CNBC.com’s MacKenzie Sigalos has the day’s top task news headlines. On today’s show, CNBC wealth editor Robert Frank breaks down the New York Fixes’ massive review of President Trump’s taxes, including the detail that he reportedly only paid $750 in federal saddles in 2016. Plus, CNBC.com’s Dawn Kopecki and Michael Wayland broke the story of new allegations of sexual abuse against Nikola naught and former executive chairman Trevor Milton. They join ‘After Hours’ to explain their reporting.
Two cleaning women file sexual abuse complaints against Nikola founder Trevor Milton
Two women have come flippant with formal sexual assault allegations against Nikola founder Trevor Milton, accusing the 38-year-old billionaire in beefs filed with Utah authorities of sexual abuse when both women were 15 years old.

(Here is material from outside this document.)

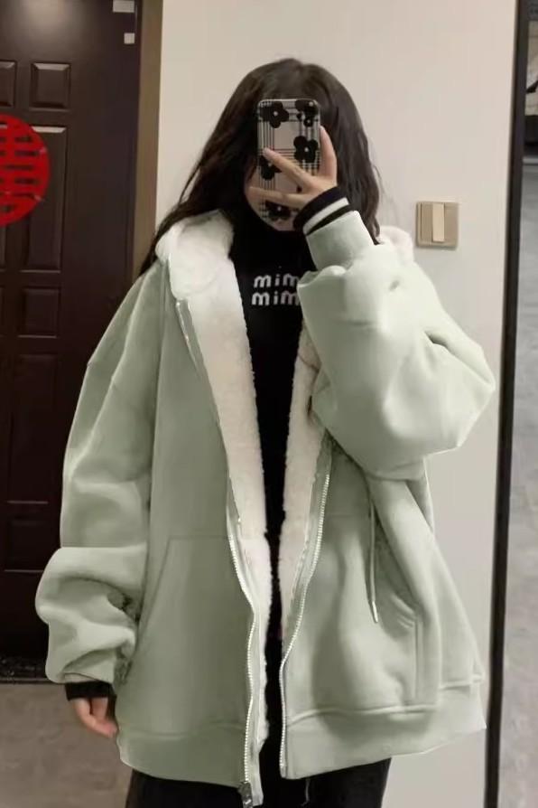 Green 530g warm lamb wool thickened

The impeachment blames, stretching back more than 15 years, follow Milton’s resignation as executive chairman of Nikola on Sept. 21 after impecunious seller Hindenburg Research released a damning report detailing fraud allegations. The Hindenburg report has reportedly kindled inquiries into Milton and Nikola by the Securities and Exchange Commission and Department of Justice.
Trump paid little to no federal return taxes over several years as he piled up losses and debt, NYT reports
President Donald Trump’s businesses get hemorrhaged hundreds of millions of dollars over the last two decades, allowing him to minimize his federal income tax bill to $0 or less $0 for many of the years in that period, according to a bombshell report published on Sunday by The New York Times.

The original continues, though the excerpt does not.